DATA EXCERPTS ->
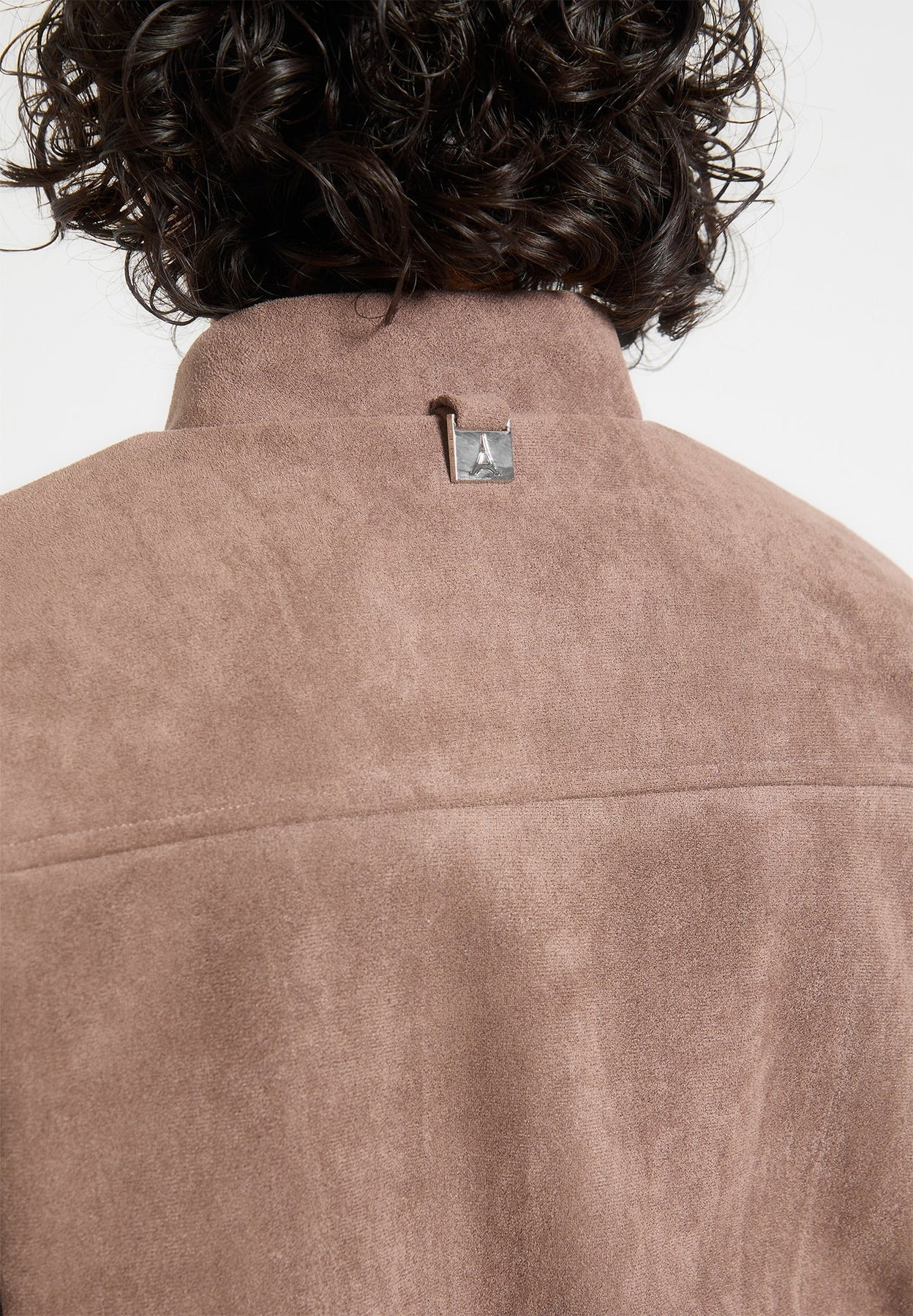 Suede Wide Shoulder Bomber Jacket - Taupe
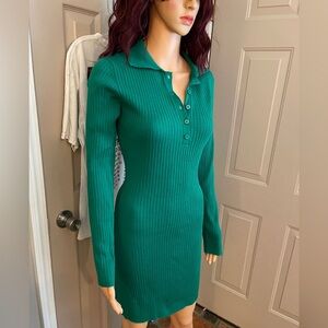 Love Tree bodycon green ribbed long sleeve collared 1/4 button sweater dress. L. Very stretchy. This dress is gorgeous & perfect for fall & winter, especially the holidays.
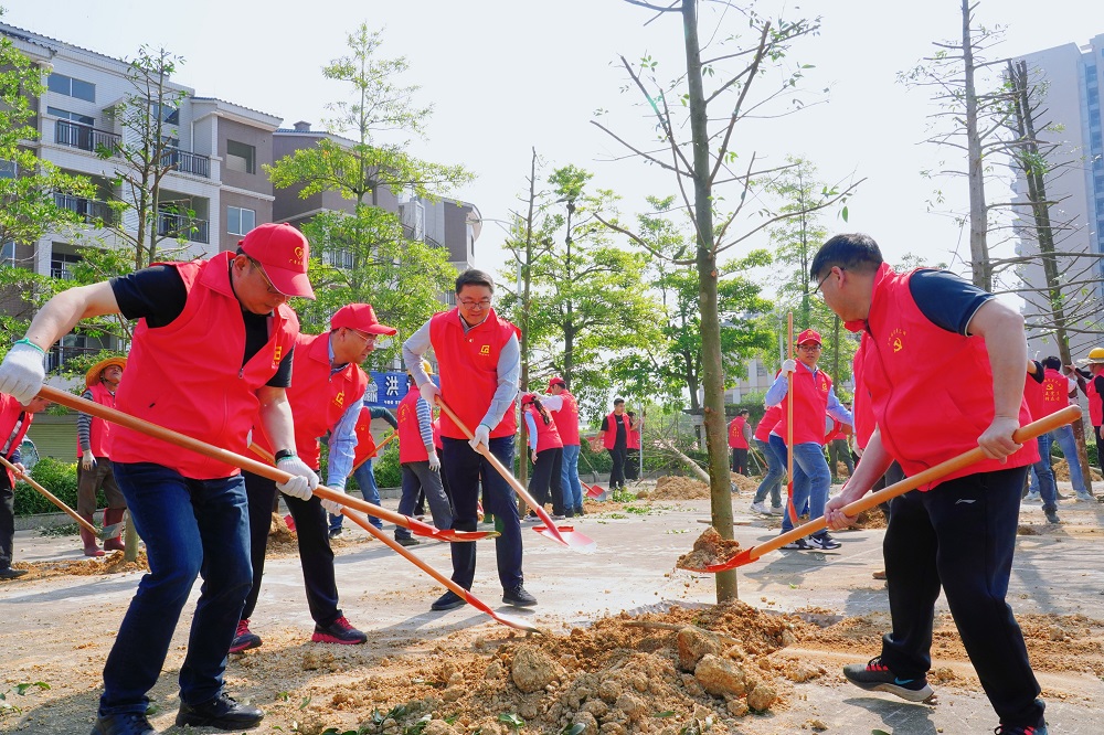 三月春光花繁茂,植树添绿正当时。3月22日,广东广青金属科技有限公司党委书记、董事长王骏带队,公司领导、各党支部书记、相关部室负责人、党员及团员代表约40人到公司结对帮扶镇——阳春市马水镇开展“春植绿美广场 共建美丽阳春”植树活动,助力马水镇打造一处绿美示范点,为阳春市区域协调发展注入绿色动能。
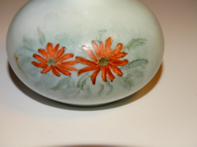 **Light blue porcelain perfume bottle embellished with delicate orange asters and whispers of leaves**
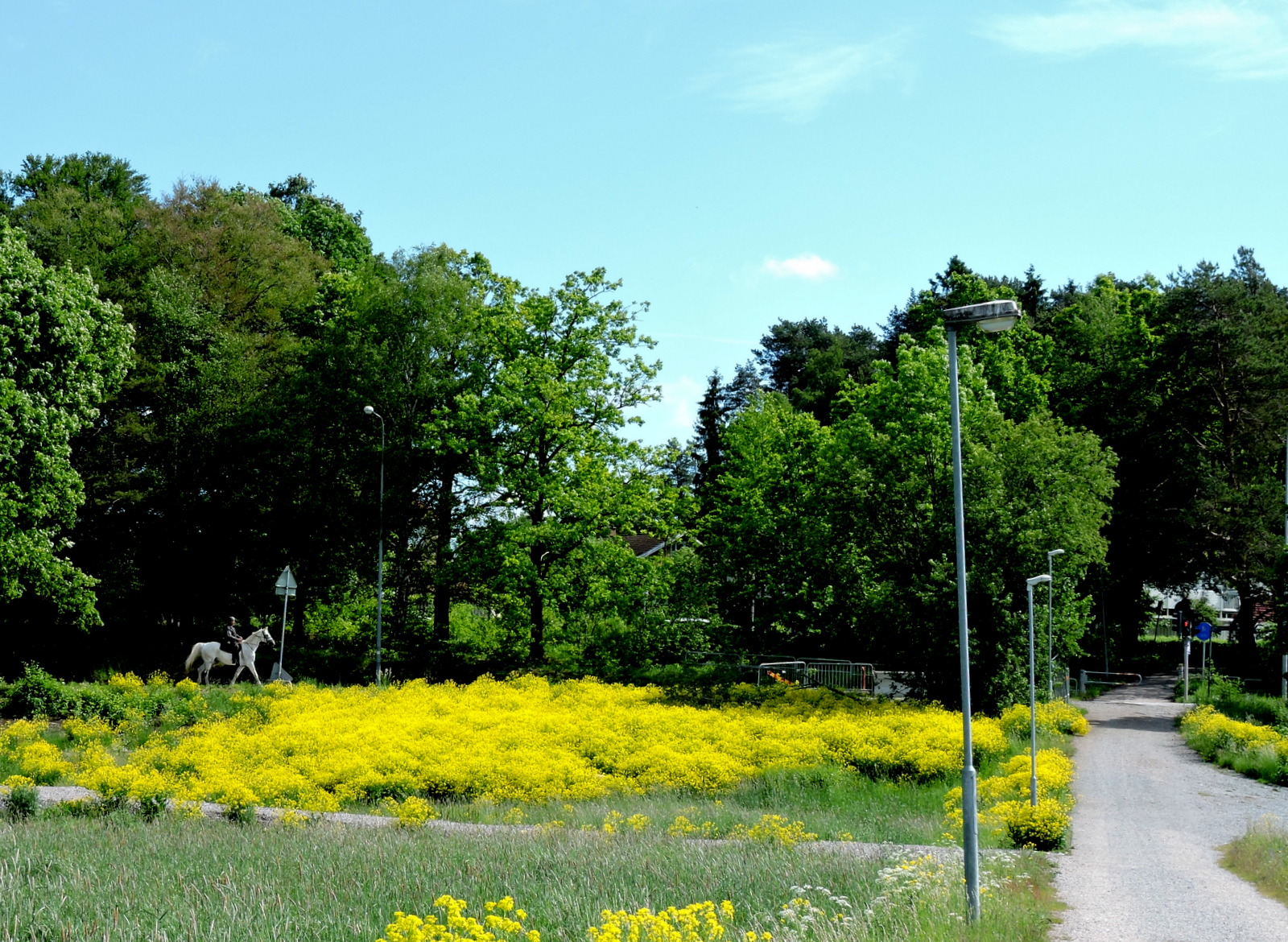När vi närmar oss prästgårdsmarken ser vi en ryttare på vit häst och vi kommer att möta honom.
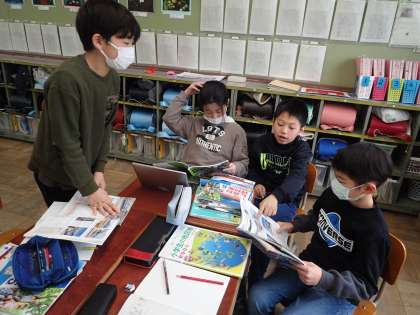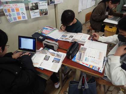今日は、風水害・地震・津波・火山・大雪の気候や地形の関わりや人々の取り組みについて教科書や資料集を見ながらグループでまとめました。
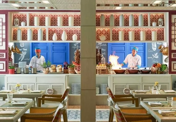 Start dagen med en deilig amerikansk frokostbuffet på The Kitchen, og gå til Sassi’s Beach Club for å få servert thailandske og internasjonale retter med havutsikt. Ta turen innom The Mellow Bean for småretter som panini-smørbrød, en kopp kaffe og deilige kaker. Hvis du trenger å kjøle deg ned i varmen, kan du nippe til en eksotisk cocktail i swim-up-baren mens solen går ned i horisonten.

PROBLEM DETAILS ->
Repeat word for word the lines beginning at the one with "Love Tree bodycon" and ending at the final line of the records above, both included, and no others. Leave the pictures out.

ANSWER BOX ->
 Love Tree bodycon green ribbed long sleeve collared 1/4 button sweater dress. L. Very stretchy. This dress is gorgeous & perfect for fall & winter, especially the holidays.
 三月春光花繁茂,植树添绿正当时。3月22日,广东广青金属科技有限公司党委书记、董事长王骏带队,公司领导、各党支部书记、相关部室负责人、党员及团员代表约40人到公司结对帮扶镇——阳春市马水镇开展“春植绿美广场 共建美丽阳春”植树活动,助力马水镇打造一处绿美示范点,为阳春市区域协调发展注入绿色动能。
 **Light blue porcelain perfume bottle embellished with delicate orange asters and whispers of leaves**
När vi närmar oss prästgårdsmarken ser vi en ryttare på vit häst och vi kommer att möta honom.
今日は、風水害・地震・津波・火山・大雪の気候や地形の関わりや人々の取り組みについて教科書や資料集を見ながらグループでまとめました。
 Start dagen med en deilig amerikansk frokostbuffet på The Kitchen, og gå til Sassi’s Beach Club for å få servert thailandske og internasjonale retter med havutsikt. Ta turen innom The Mellow Bean for småretter som panini-smørbrød, en kopp kaffe og deilige kaker. Hvis du trenger å kjøle deg ned i varmen, kan du nippe til en eksotisk cocktail i swim-up-baren mens solen går ned i horisonten.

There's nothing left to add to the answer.